Compilation album by SexBomb Girls
- Released: April 18, 2005
- Recorded: 2002–2005
- Genre: Pop; Pinoy pop; novelty;
- Length: 59:44
- Language: English; Tagalog;
- Label: Sony BMG Music Entertainment; BMG Records (Pilipinas);
- Producer: Jonathan Ong; Robert Javier;

SexBomb Girls chronology
| Bomb Thr3at (2004) | Sumayaw, Sumunod: The Best of the Sexbomb Girls (2005) | Daisy Siete: V-Day (2006) |

= Sumayaw, Sumunod (album) =

Sumayaw, Sumunod: The Best of the SexBomb Girls is a compilation album by Filipino girl group the SexBomb Girls, released on April 18, 2005, through Sony BMG Music Entertainment's Musiko Records imprint. The album features 17 tracks, including a selection of the group's popular songs from earlier studio albums as well as newly recorded versions of older songs. The album was certified platinum by the Philippine Association of the Record Industry (PARI).

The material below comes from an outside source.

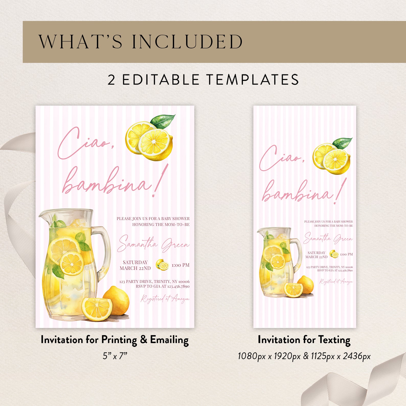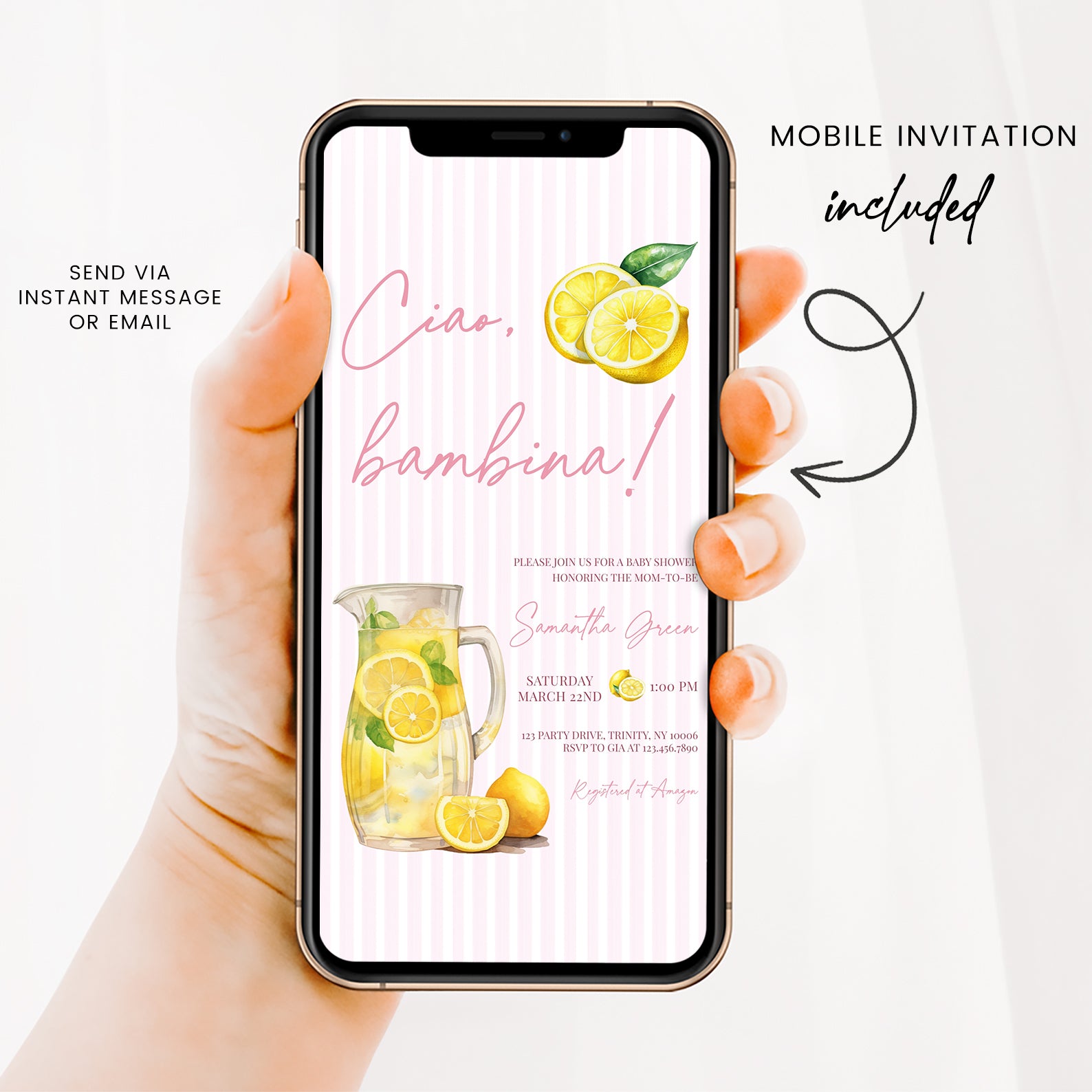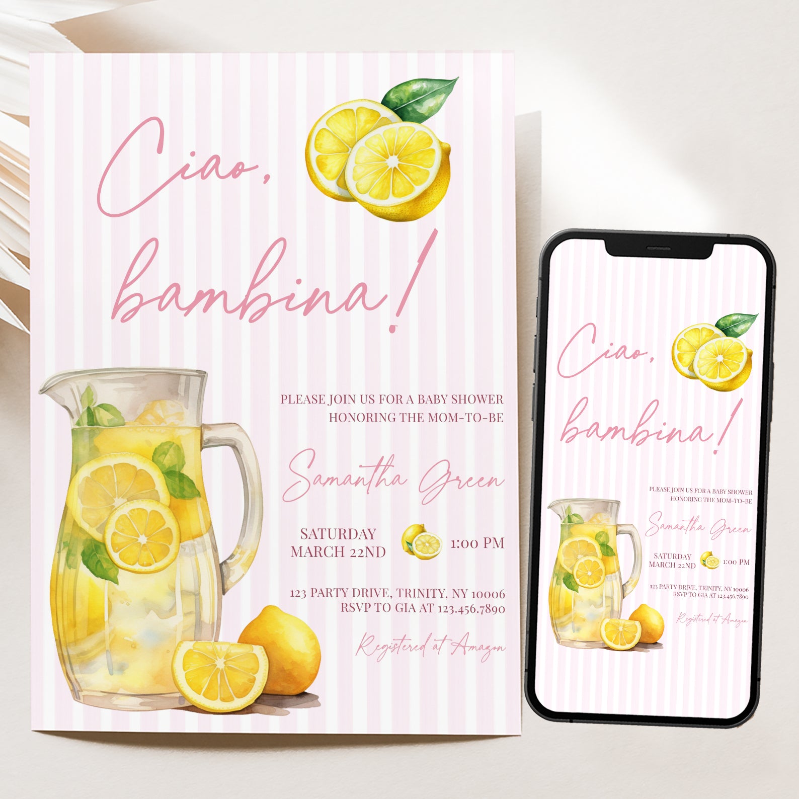 - Purchase this Ciao, Bambina Baby Shower Digital Invite: Summer Lemon Theme template

== Background and release ==
The compilation was issued following the group's commercial success in the early to mid-2000s with their studio albums Unang Putok (2002), Round 2 (2003), and Bomb Thr3at (2004). It includes hits such as "The Spageti Song", "Bakit Papa", and "Pretty Little Baby" that had become staples of the group's repertoire. The album also features cover versions of the Manila sound songs "Sumayaw Sumunod" and "Awitin Mo at Isasayaw Ko".

The release of Sumayaw, Sumunod: The Best of the Sexbomb Girls coincided with a lineup change in the group's singing unit as Monic and Mariam left the group in 2004. This album introduced Che-Che Tolentino to the SexBomb Singers.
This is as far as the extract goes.